Ian Robert Maxwell

views updated May 23 2018

Ian Robert Maxwell

A refugee from eastern Czechoslovakia, Ian Robert Maxwell (Ludvik Hoch; 1923-1991) eventually became one of the richest men in Great Britain and the head of a powerful publishing empire.

Robert Maxwell promised his wife Betty, "I shall win an MC. I shall recreate a family. I shall make my fortune. I shall be Prime Minister of England. And I shall make you happy until the end of my days." Joe Haines, in his book Maxwell (1988), suggests that only one of those promises—prime minister—remained unfilled in the early 1990s. That the promises could have been made at all in December of 1944 by a penniless, recently created officer of the British Army who was a refugee from the Carpathian mountains says a great deal about the character and career of Robert Maxwell.

Maxwell was born on June 10, 1923, in the small village of Solotvino in the Carpathian mountains of what was then eastern Czechoslovakia. This was in an area sometimes known as Ruthenia that was variously held by Austria, Hungary, Ukraine, and, most recently, the Soviet Union. His birth name was Ludvik Hoch, and his parents were part of the Orthodox Jewish community of Solotvino. Maxwell maintained that his early memories of the grinding poverty of Solotvino, an area dominated by forests and salt mines, influenced his socialist sympathies. He had limited early education, possibly only three years at a national school. By 1939 he joined the Czech resistance to fight Nazi Germany, and after Czechoslovakia fell he made his way to France to join the French Foreign Legion and then be transferred to the 1st Czech Division of the French Army.

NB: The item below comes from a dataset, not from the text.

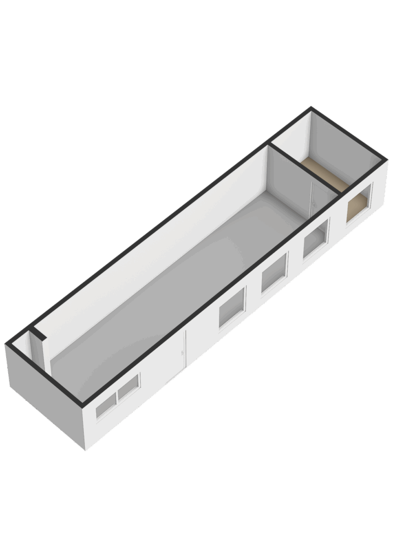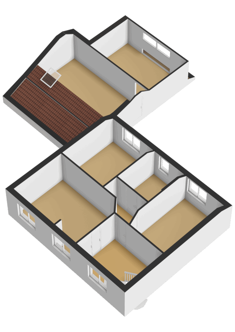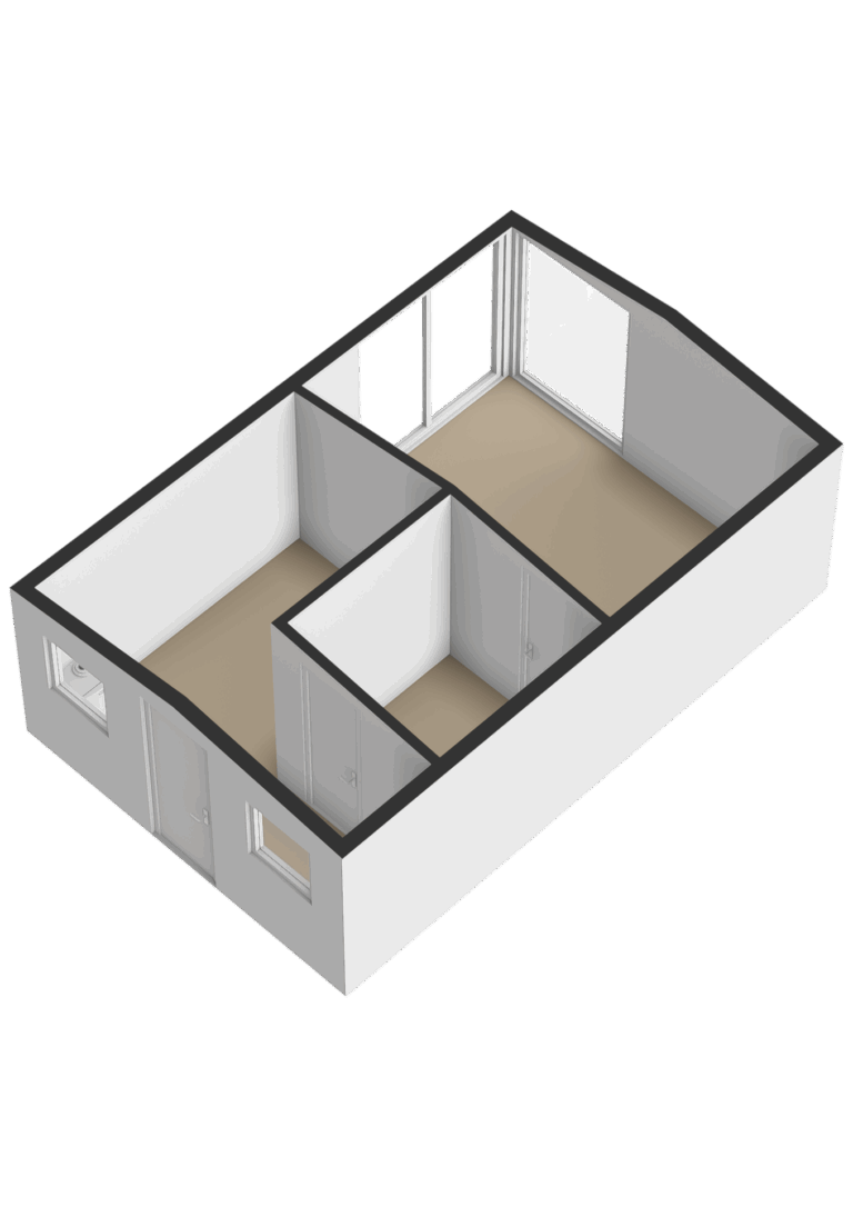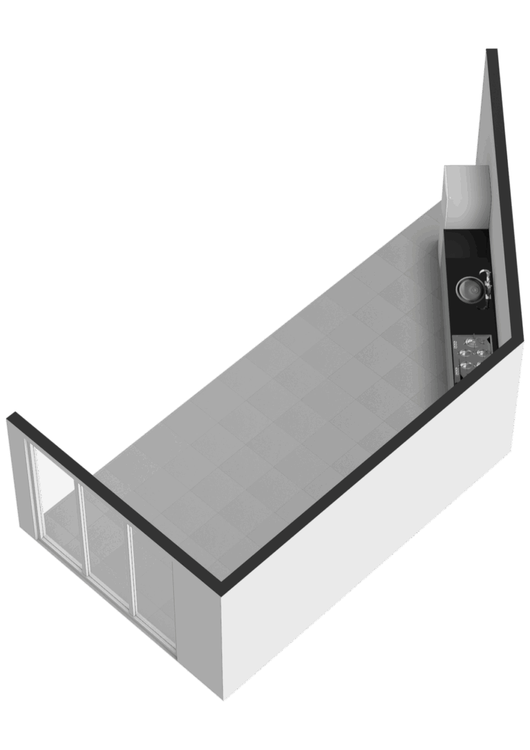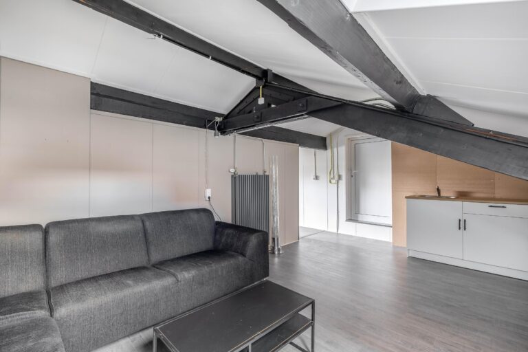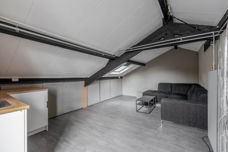 Via het dakterras is de studio/zolder bereikbaar. Deze is momenteel ingericht als woonkamer met keukenblok met koud water en een slaapkamer. Beide ruimtes zijn voorzien van een laminaatvloer en verwarming. Het raam aan de achterzijde is recent vervangen door een kunststof kozijn met dubbel glas.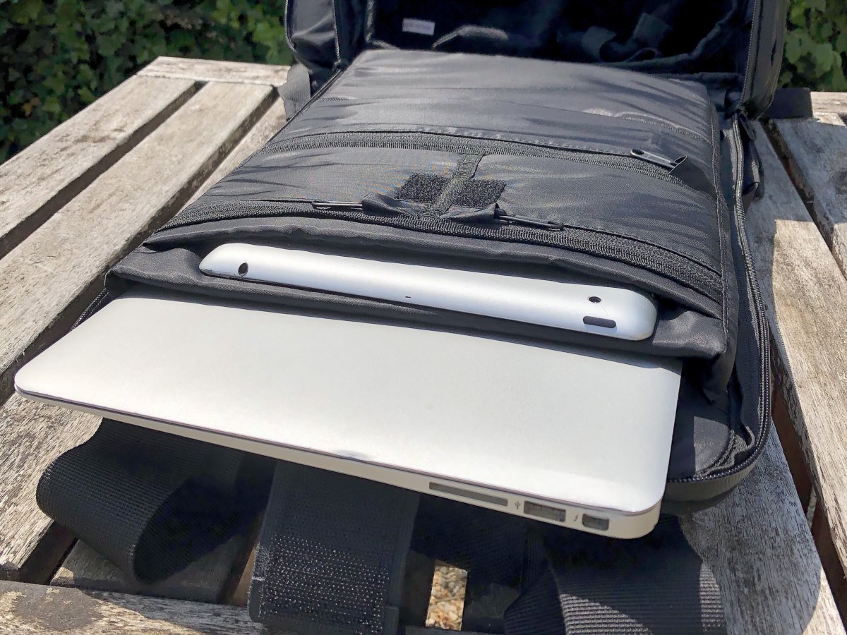 Inside, the main flap has two small zippered pockets, a wider zippered pocket, and the laptop and tablet sections. These last two are held closed by a substantial Velcro-fixed flap.

When France fell to the Nazis in 1940, Maxwell was among 4,000 Czechs who made it to England. He joined the British Army and eventually changed his name to Ian Robert Maxwell. He rose from private to the rank of captain, eventually winning the Military Cross for heroism.

At the conclusion of World War II in 1945, Captain Robert Maxwell, by this time an accomplished linguist, was assigned to Berlin. By 1946 he was involved in the publishing of Der Berliner and in the process of re-establishing the postwar German economy. As a result of these experiences, he gained an understanding of international business, publishing enterprises, and the new importance of scientific research and publishing. By 1947 Maxwell had returned to England and became instrumental in disseminating scientific and technical information in journals and magazines. By 1951 Maxwell held the controlling interest in Pergamon Press, a publishing concern dedicated to scientific journals, textbooks, and papers.

Pergamon Press became the basis for Maxwell's fortune. He gained a virtual monopoly on scientific publication, especially Soviet scientific publications, at that point when such publication became of critical importance. During the 1950s he was concerned with other business ventures and was particularly involved with the trading concerns of Dr. Kurt Waller. Maxwell also purchased Simpkin Marshall, an almost defunct wholesale book selling company. The eventual failure of this company added to the controversy surrounding Maxwell, since many of his critics blamed the failure of the concern on his aggressiveness.

In 1958 Maxwell entered British politics. He joined the Labour Party, and in 1959 stood as candidate for Parliament from Buckingham, finally winning in 1964. Maxwell presented an anomaly as a parliamentary member of the Labour Party. He was an enormously wealthy man in the party of the working class. He was an employer who was sometimes at odds with the trade unions seeking to represent the party of trade unionism. No one could doubt his history of poverty and hard work, nor could his efforts on the battlefield fighting for Britain be diminished. But the idea of a rich foreigner representing working-class Britain provided severe paradoxes.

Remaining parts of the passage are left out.